FIGURE 2-4 Stereoisomers. Many molecules in cells contain at least one asymmetric carbon atom. The tetrahedral orientation of bonds formed by an asymmetric carbon atom can be arranged in three-dimensional space in two different ways, producing molecules that are mirror images, or stereoisomers, of each other. Shown here is the common structure of an amino acid, with its central asymmetric carbon and four attached groups, including the R group, discussed in Section 2.2. Amino acids can exist in two mirror-image forms, designated L and D. Although the chemical properties of such stereoisomers are identical, their biological activities are distinct. Only L amino acids are found in proteins.

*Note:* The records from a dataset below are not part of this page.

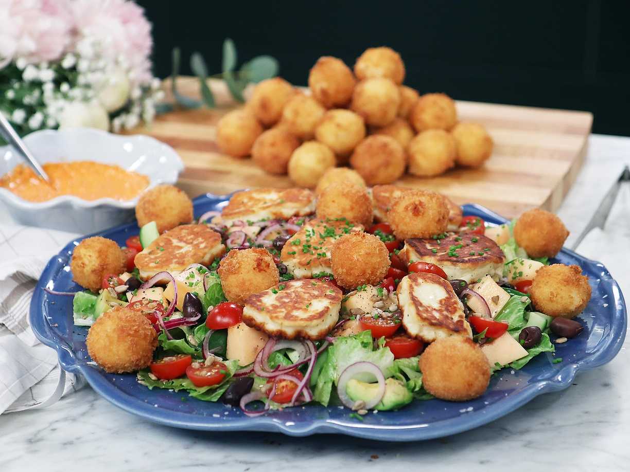 Halloumisallad med vitlökskroketter och rökig paprikasås
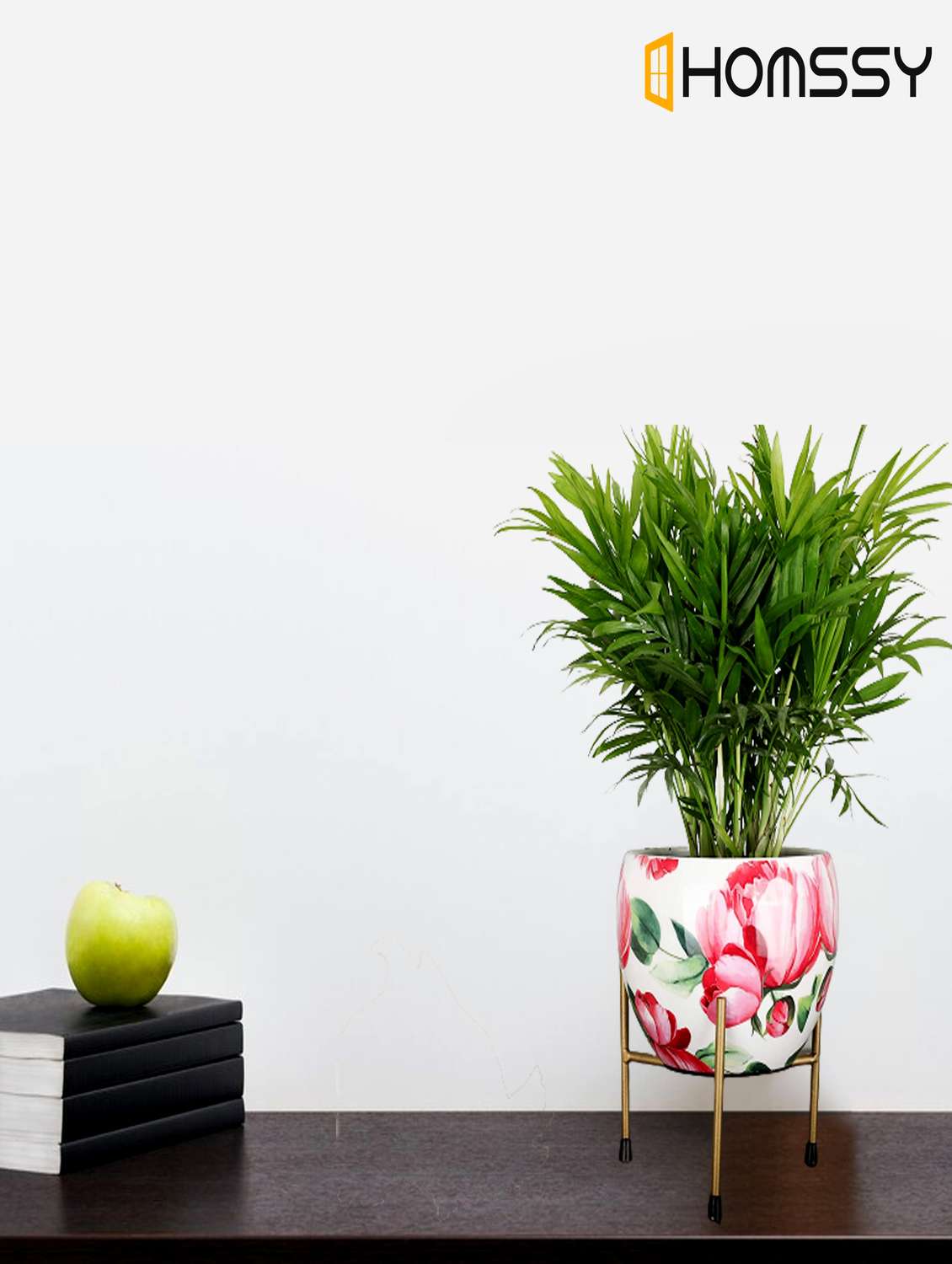 printed metal planter with tripod stand red & white floral home decor (plants not included) pack of 2
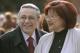 Артисты эстрады Евгений Петросян и Елена Степаненко перед началом концерта Дмитрия Хворостовского на…
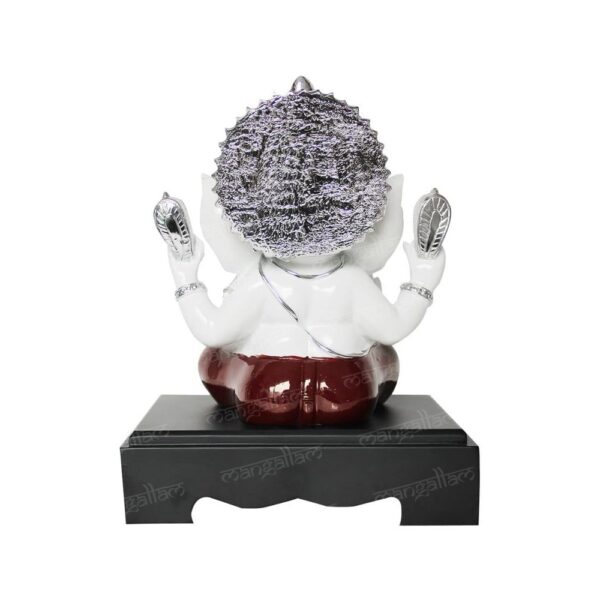 • This white and red Ganesha Idol made from polyresin is handcrafted in India. This Idol can be placed at the entrance of your house to protect your family members from evil energies as Lord Ganesha is known also known as the protector of the household.
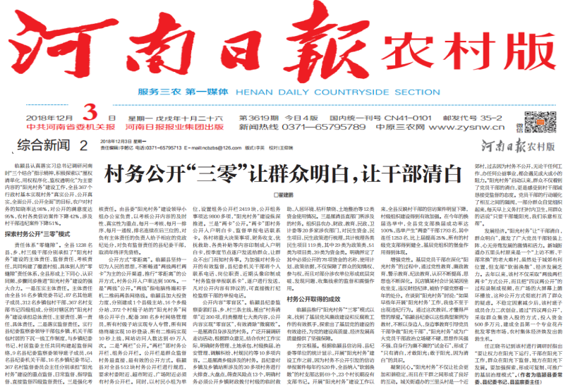 临颍县推行“阳光村务”“三零”模式以来,找到了基层党风廉政建设和反腐败工作的有效抓手,探索出了基层党的建设的有效途径,为党的建设高质量、经济发展高质量提供了坚强保障。

Some drugs are mixtures of the stereoisomers of small molecules in which only one stereoisomer has the biological activity of interest. The use of a pure single stereoisomer of the chemical in place of the mixture may result in a more potent drug with reduced side effects. For example, one stereoisomer of the antidepressant drug citalopram (Celexa) is 170 times more potent than the other. Some stereoisomers have very different activities. Darvon is a pain reliever, whereas its stereoisomer, Novrad (Darvon spelled backward), is a cough suppressant. One stereoisomer of ketamine is an anesthetic, whereas the other causes hallucinations.

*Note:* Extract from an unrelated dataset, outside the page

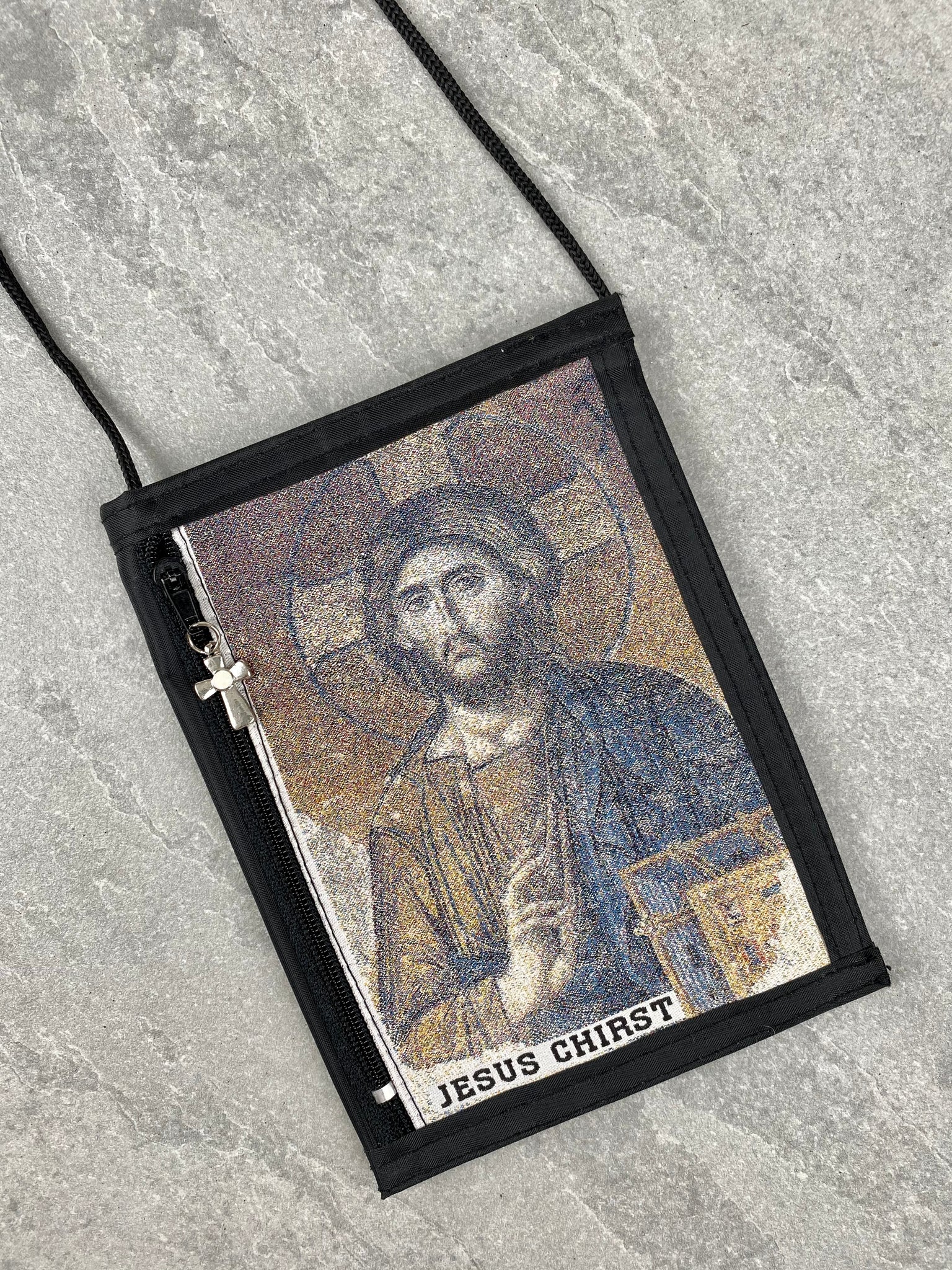 Jesus Print Crossover Wallet with Zippers Hanging Cross

The typical numbers of covalent bonds formed by other atoms common in biomolecules are shown in Table 2-1. A hydrogen atom forms only one covalent bond. An atom of oxygen usually forms only two covalent bonds but has two additional pairs of electrons that can participate in noncovalent interactions. Sulfur forms two covalent bonds in hydrogen sulfide (H2S) but can accommodate six covalent bonds, as in sulfuric acid (H2SO4) and its sulfate derivatives. Nitrogen and phosphorus each have five electrons to share. In ammonia (NH3), the nitrogen atom forms three covalent bonds; the pair of electrons around the atom not involved in a covalent bond can take part in noncovalent interactions. In the ammonium ion (NH4+), nitrogen forms four covalent bonds, which have a tetrahedral geometry. Phosphorus commonly forms five covalent bonds, as in phosphoric acid (H3PO4) and its phosphate derivatives, which form the backbone of nucleic acids. Phosphate groups covalently attached to proteins play a key role in regulating the activity of many proteins, and the central molecule in cellular energetics, ATP, contains three phosphate groups (see Section 2.4). A summary of common covalent linkages and functional groups, which confer distinctive chemical properties on the molecules of which they are a part, is provided in Table 2-2.